By Lydia Hales.
Being ‘sick at heart’ is a common complaint in romantic novels, but can intense emotional pain actually damage your heart?
The answer is yes, cardiologists say, and sometimes it can be deadly – although thankfully this seems to be rare.
One example that made headlines around the world recently was Adelaide grandfather NK Paliwal, who had a heart attack and died upon learning his family had been killed in a road crash in India.
And it is known that spouses or partners who lose a loved one are at increased risk of death from heart attacks in the days, weeks and months afterwards.
It is thought the impact of stress hormones on heart rate, blood pressure, and blood clotting may be one reason for these associations.
Broken heart syndrome
But experts now wonder if at least some of the deaths linked with high emotions might actually be missed cases of a different heart condition that has been recognised in Australia for only about 10 years.
‘Broken heart syndrome’ or stress cardiomyopathy happens when a surge in the stress hormone adrenaline causes inflammation of the heart. It also goes by the name Takotsubo cardiomyopathy, because the abnormal shape of the affected heart resembles a traditional Japanese octopus fishing pot.
“You can actually inject adrenaline into someone and cause it… there’s a lot of evidence to suggest that adrenaline is involved,” said Professor John Horowitz, head of cardiology at Adelaide’s Queen Elizabeth Hospital, who researches the syndrome.
Happiness can break your heart too
- Emotional triggers for ‘broken heart syndrome’ don’t have to be negative.
- Around 4 per cent of the emotional jolts that bring the syndrome on are actually joyful events like the birth of a child, or a big win by your team, said researchers who published new findings in the European Heart Journal this week.

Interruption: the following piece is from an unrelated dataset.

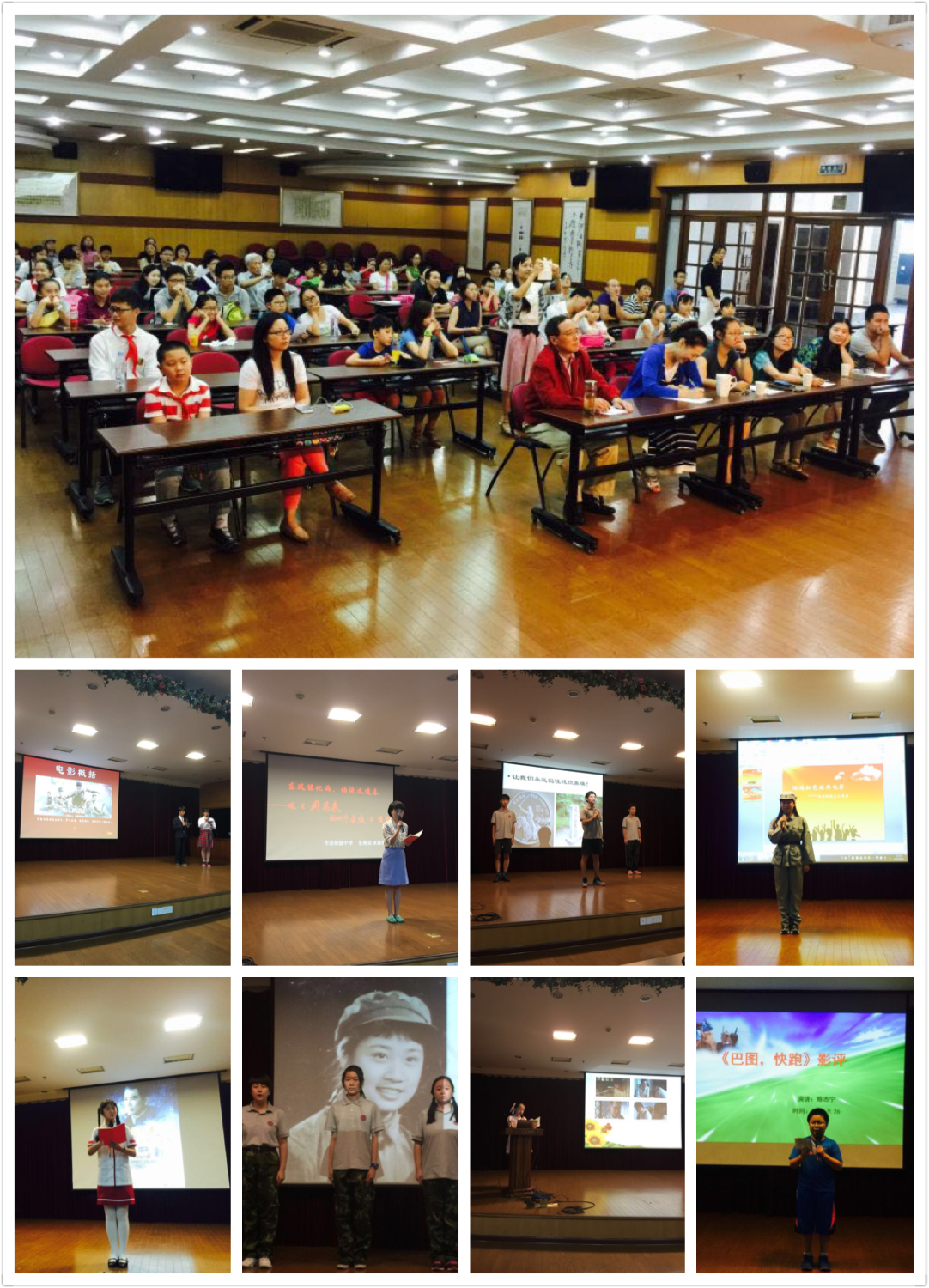 2015年暑假,静安区组织中小学生积极开展了“百年树人电影阳光行”——“中国梦、民族魂”影视教育系列活动。经过首轮选拨后,比赛中师生们结合观看推荐影视片的内容,努力发掘最感动、最震撼、最励志、最难忘的中华民族发展沿革中的社会、历史、文化、经济、科技、军事、生态环境等大事件,联系自身和实际,以微报告的形式,展示汲取民族优秀传统文化的滋养哺育、直抒“中国梦、民族魂”的豪情壮志。

- “Perhaps both happy and sad life events, while inherently distinct, share final common pathways in the central nervous system output, which ultimately lead to Takatsubo syndrome,” said one of the authors, Dr Jelena Ghadri, resident cardiologist, at the University Hospital Zurich in Switzerland.
It is thought the overload of stress hormones essentially ‘stuns’ the heart, but exactly how this happens is not understood.
While the symptoms are similar to a heart attack (where an artery leading to the heart is partially or completely blocked), there is no blockage involved.